Court of Appeals of Oregon

April 3, 2019

CARVEL GORDON DILLARD, Petitioner-Appellant,
v.
Jeff PREMO, Superintendent, Oregon State Penitentiary, Defendant-Respondent.

          Submitted on remand December 11, 2017.

          On remand from the Oregon Supreme Court, Dillard v. Premo, 362 Or. 41, 403 P.3d 746 (2017). Dale Penn, Judge. Marion County Circuit Court 10C22490;

          Jed Peterson and O'Connor Weber LLP fled the brief for appellant.

          Ellen F. Rosenblum, Attorney General, Anna M. Joyce, Solicitor General, and Kathleen Cegla, Assistant Attorney General, fled the brief for respondent.

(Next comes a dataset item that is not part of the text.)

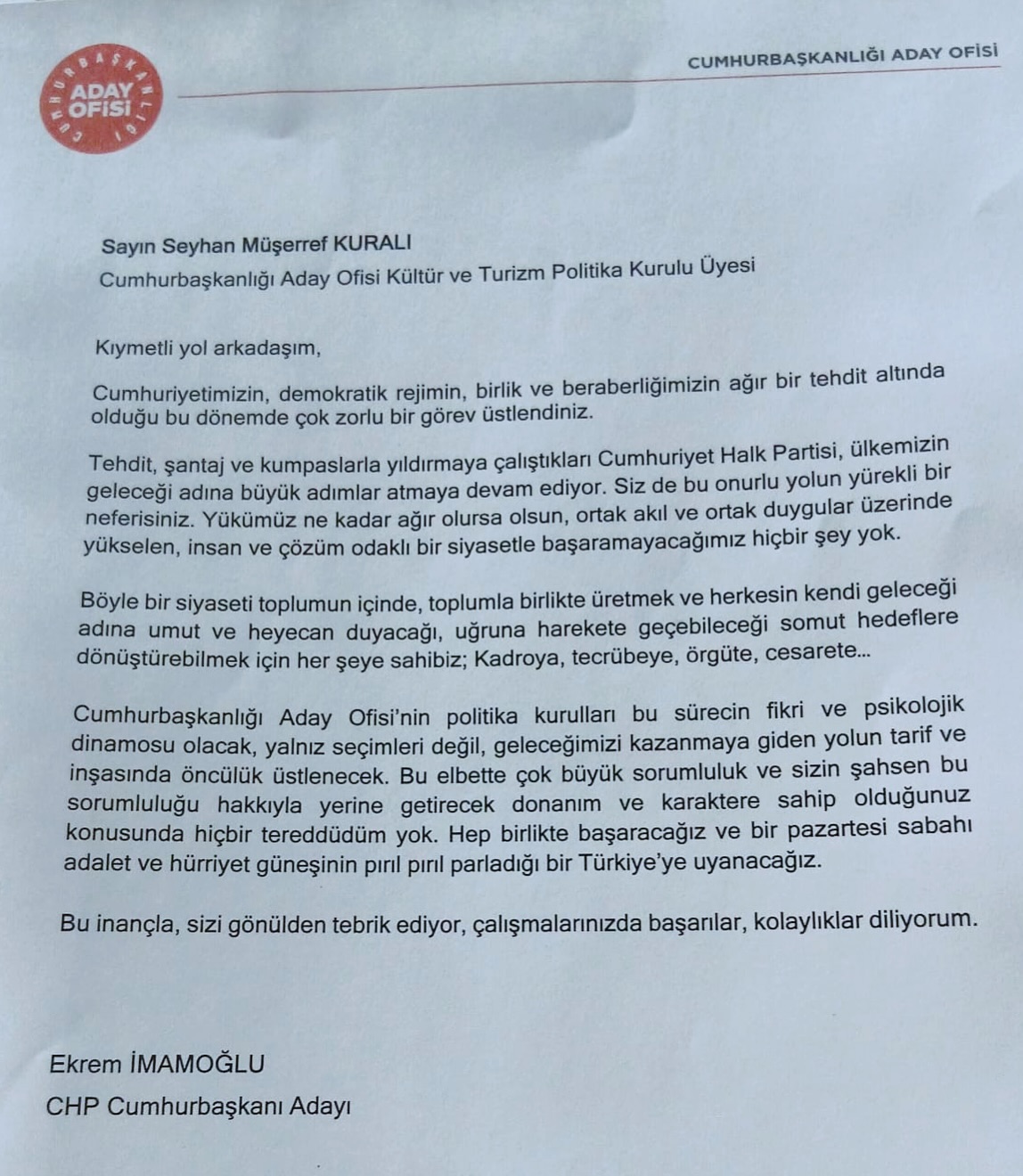 SONKALEİZMİR-İzmir Büyükşehir Belediyesi ve Menderes Belediyesi Meclis Üyesi Seyhan Müşerref Kuralı, CHP İzmir Milletvekili Seda Kaya Ösen'in başkanlığını yürüttüğü CHP'nin Cumhurbaşkanlığı Aday Ofisi Kültür ve Turizm Politika Kurulu'nda görevlendirildi. Kuralı'ya CHP Genel Başkanı Özgür Özel ve CHP'nin Cumhurbaşkanı Adayı tutuklu İstanbul Büyükşehir Belediye Başkanı Ekrem İmamoğlu tarafından görev tebliği yapıldı.

          Before Tookey, Presiding Judge, and Egan, Chief Judge, and Ortega, Judge.

         Case Summary:

         This case is on remand from the Supreme Court. Dillard v. Premo, 362 Or. 41, 48, 403 P.3d 746 (2017) (Dillard II). In Dillard v. Premo, 276 Or.App. 65, 366 P.3d 797 (2016), the Court of Appeals had held that it lacked jurisdiction to hear petitioner's claims because ORS 138.525(3) prohibits appeals of post-conviction petitions that are dismissed as meritless. The Supreme Court reversed, explaining that ORS 138.525 does not bar appeal of a judgment that was entered without the benefit of counsel or a hearing unless the judgment was entered in accordance with ORS 138.525(4) as a dismissal "without prejudice." Dillard II, 362 Or at 48. Addressing the merits on remand, petitioner argues that the post-conviction court erred when it dismissed his petition "with prejudice" without first holding a hearing. Held: As the state conceded in Dillard II, and the Supreme Court concluded in that case, the post-conviction court erred when it [296 Or.App. 799] dismissed petitioner's post-conviction petition "with prejudice" without holding a hearing.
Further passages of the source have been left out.